Some may argue that this silent approach actually represents an act of feminism, fearing that different rules, allowances or expectations for menstruating women will only serve to reduce woman to her body, a slave to her biological processes, and thus a complicit player in institutionalised patriarchy. It is a valid point, but one that is alarmingly predicated on the belief that woman must stifle her sexual difference – and let us not forget her pain – in order to have a shot at equality. 

The irony in all of this is that many who suffer from endometriosis, regardless of whether they communicate their problems to others or not, do speak of seriously impaired working productivity. For a student, this translates as skipped classes, missed deadlines, and poorer concentration. This can have a knock-on effect on their later professional chances, impacting pay, job satisfaction and sick leave. To put it bluntly, abdominal cramps severe enough to cause vomiting and even fainting are not conducive to achievement. 

What is perhaps even more concerning is the rebuff with which many sufferers are met, should they choose to speak to their GP. Countless personal testimonies provide a tragic reflection of the reality for many people, who are frequently told that their symptoms are simply an unlucky part of ‘normal womanhood’, passed from one contraceptive pill to another, or fobbed off with painkiller prescriptions. This is not to say that the medical profession is failing people who menstruate, as doctors are ultimately operating in a scientific community which has only very recently started investing in research into the condition.

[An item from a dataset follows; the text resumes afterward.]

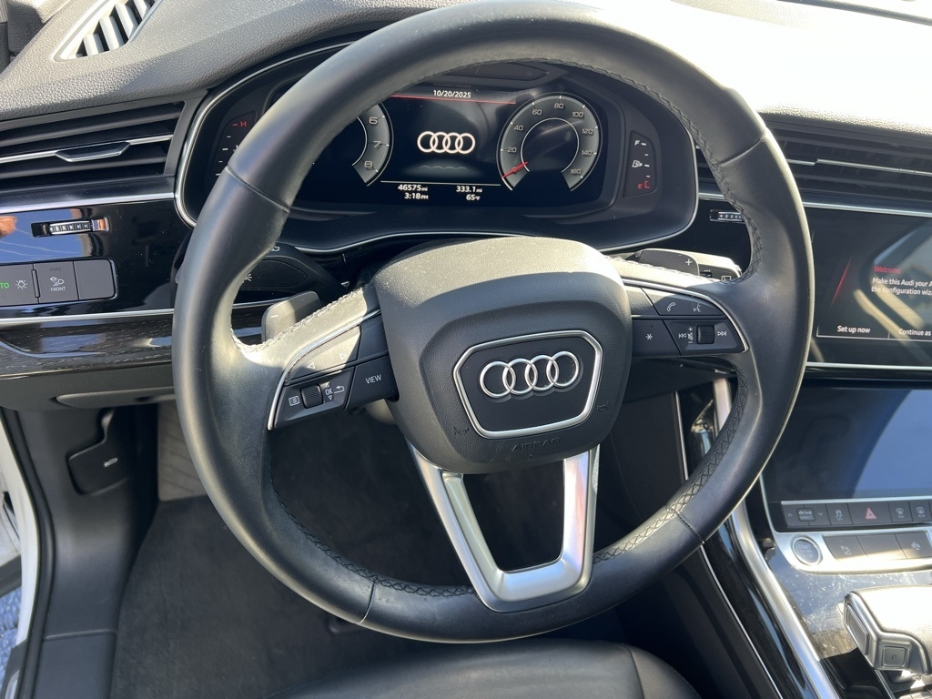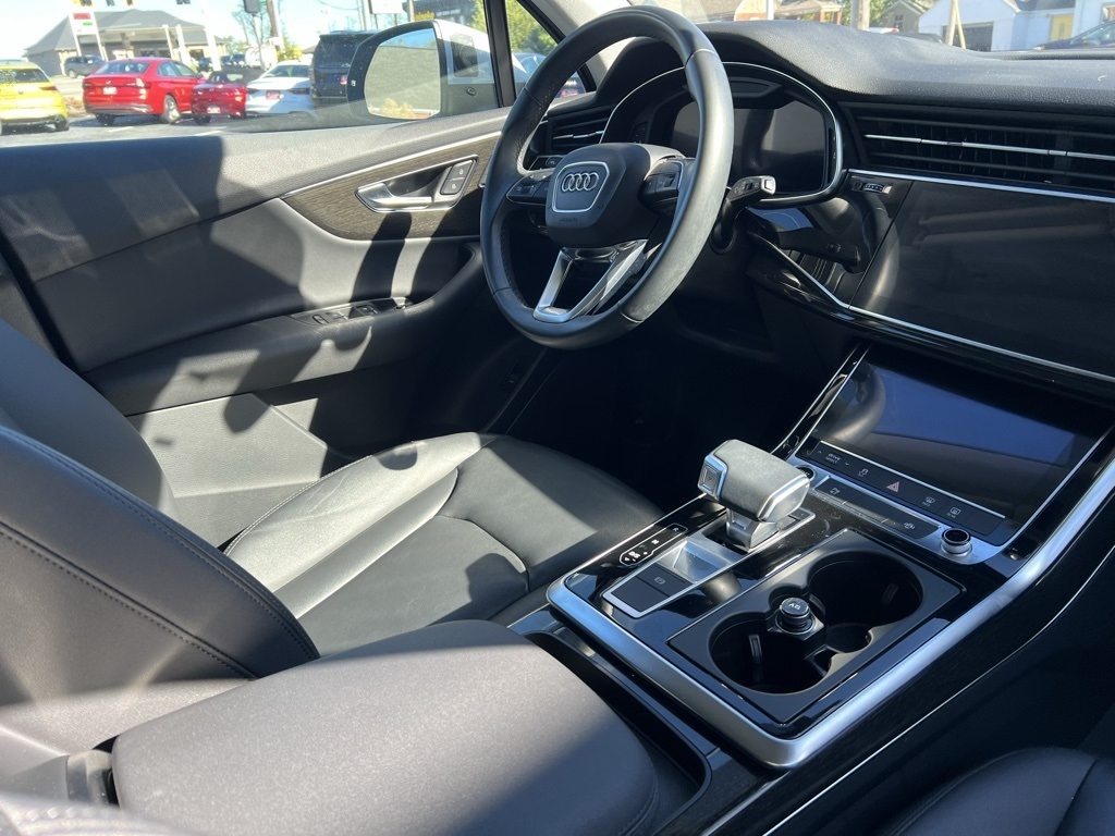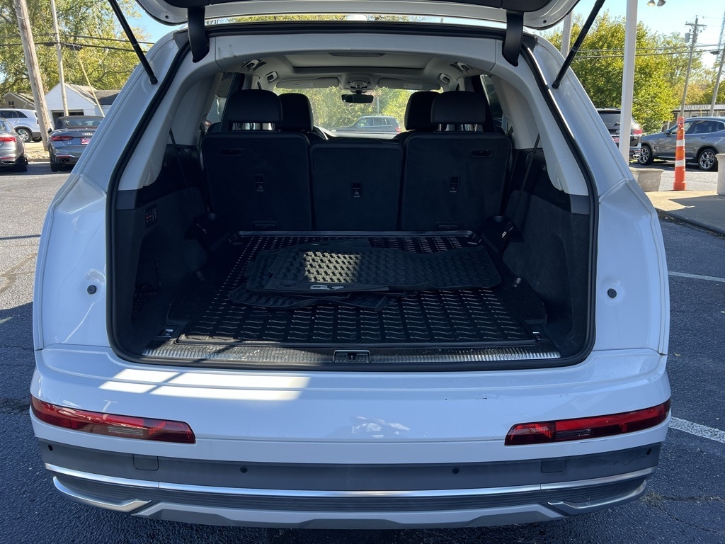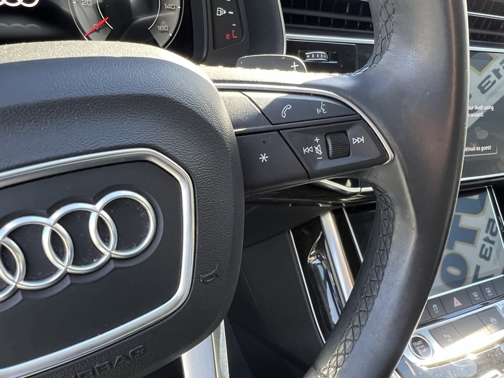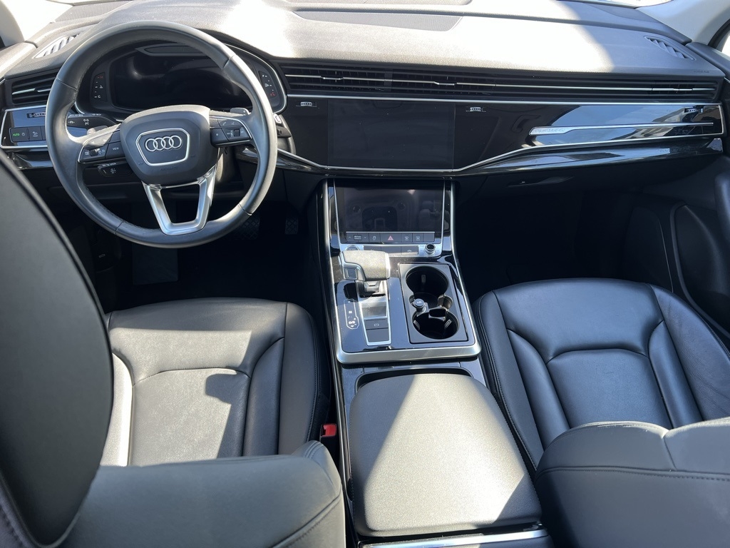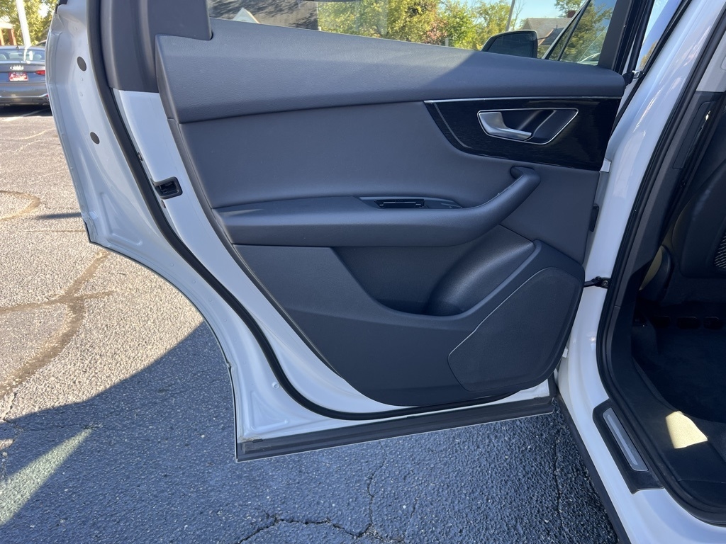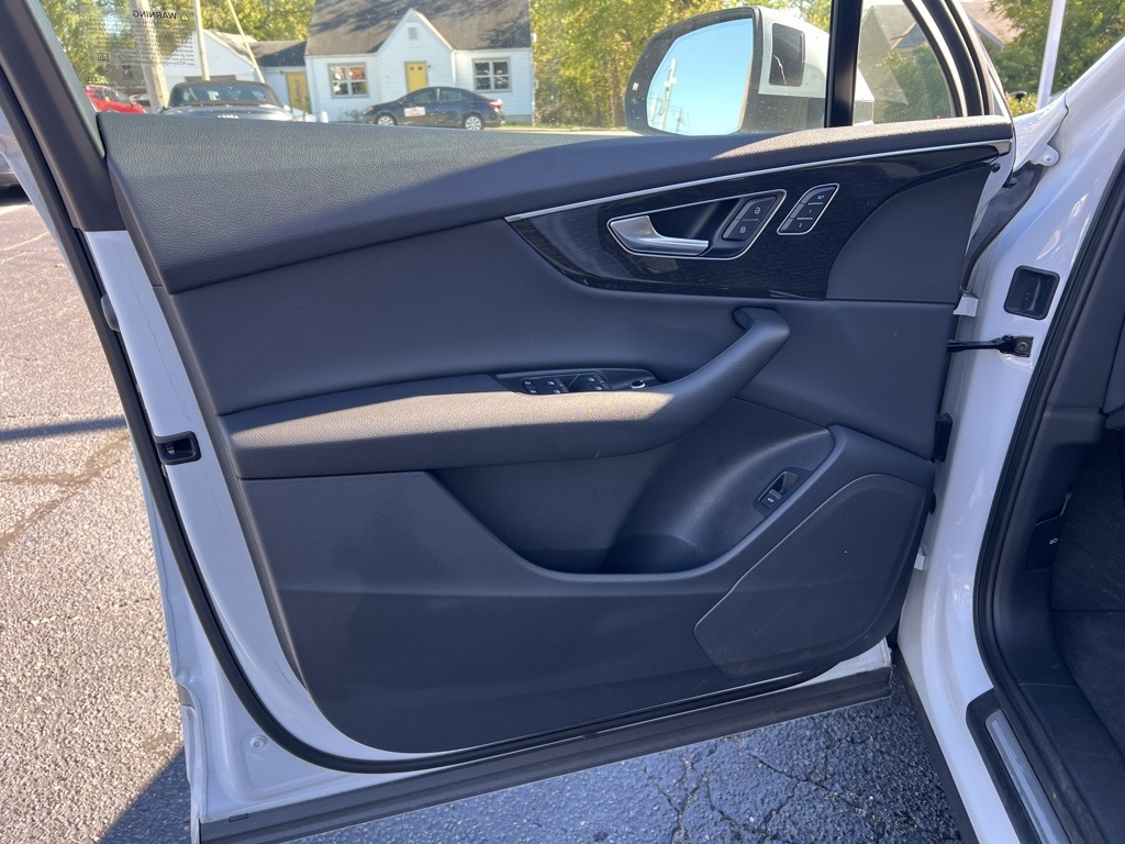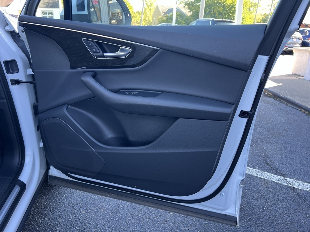 Q7 55 Premium quattro, 4D Sport Utility, 3.0L TFSI, 8-Speed Automatic with Tiptronic, quattro, White, Black Leather, 10 Speakers, 3.204 Axle Ratio, 3rd row seats: bench, 4-Wheel Disc Brakes, 4-Zone Automatic Climate Control, ABS brakes, Air Conditioning, Alloy wheels, AM/FM radio: SiriusXM, Audi smartphone interface (Apple CarPlay/Android Auto), Auto High-beam Headlights, Auto-dimming door mirrors, Auto-dimming Rear-View mirror, Automatic temperature control, Brake assist, Bumpers: body-color, Compass, Contour/Ambient LED Interior Lighting Package, Convenience Package, Delay-off headlights, Driver door bin, Driver vanity mirror, Dual front impact airbags, Dual front side impact airbags, Electronic Stability Control, Emergency communication system: Audi connect CARE, PRIME & PLUS, Executive Package, Exterior Parking Camera Rear, Four wheel independent suspension, Front anti-roll bar, Front Bucket Seats, Front Center Armrest, Front dual zone A/C, Front fog lights, Front reading lights, Fully automatic headlights, Garage door transmitter: HomeLink, Genuine wood door panel insert, Heated door mirrors, Heated Front Bucket Seats, Heated front seats, Illuminated entry, Interior Protection Package, Leather Seating Surfaces, Leather Shift Knob, Leather steering wheel, Low tire pressure warning, Luxury Package, Memory seat, Navigation System, Navigation system: Audi MMI Navigation plus with Touch Response, Occupant sensing airbag, Outside temperature display, Overhead airbag, Overhead console, Panic alarm, Passenger door bin, Passenger vanity mirror, Power door mirrors, Power driver seat, Power Liftgate, Power moonroof: Panoramic, Power passenger seat, Power steering, Power windows, Premium Plus Package, Radio data system, Radio: Audi Sound System, Rain sensing wipers, Rear air conditioning, Rear anti-roll bar, Rear fog lights, Rear reading lights, Rear seat center armrest, Rear side impact airbag, Rear window defroster, Rear window wiper, Reclining 3rd row seat, Remote keyless entry, Roof rack: rails only, Security system, Speed control, Speed-sensing steering, Split folding rear seat, Spoiler, Steering wheel memory, Steering wheel mounted audio controls, Tachometer, Telescoping steering wheel, Tilt steering wheel, Towing Package, Traction control, Trip computer, Turn signal indicator mirrors, Variably intermittent wipers, Wheels: 19" 5-Arm-Star Design, Q7 55 Premium quattro, 4D Sport Utility, 3.0L TFSI, 8-Speed Automatic with Tiptronic, quattro, White, Black Leather.

Despite accounts of endometriosis symptoms dating as far back as ancient civilisation, it was not until the 1920s that the disorder was first “identified” and labelled, and research into the link between the disease and infertility (approximately 30-40% of those diagnosed have difficulty conceiving) only really began during the 1990s. Understanding of the causes, factors, and treatments for the condition is thus only in its infancy. There is still an enormous amount of work to do before we can even start to comprehend this widespread and damaging disorder, and such a task does not just fall to the scientists – we all have a part to play in educating ourselves and others about endometriosis, by raising awareness and encouraging people who menstruate to seek help and push for diagnoses.

Endometriosis UK is already doing wonderful work towards this. The charity provides a platform of support groups, step-by-step guides for getting diagnosed, symptom trackers and personal stories, all in an effort to boost understanding of the disease and help those suffering from it, but they cannot do this alone. Their success relies on fundamental societal changes: we need to extricate menstruation from its taboos and euphemistic shroud, promote teaching about endometriosis in the national curriculum, invest in greater research, and stop dismissing pain as a feminine norm. We owe people that much, surely.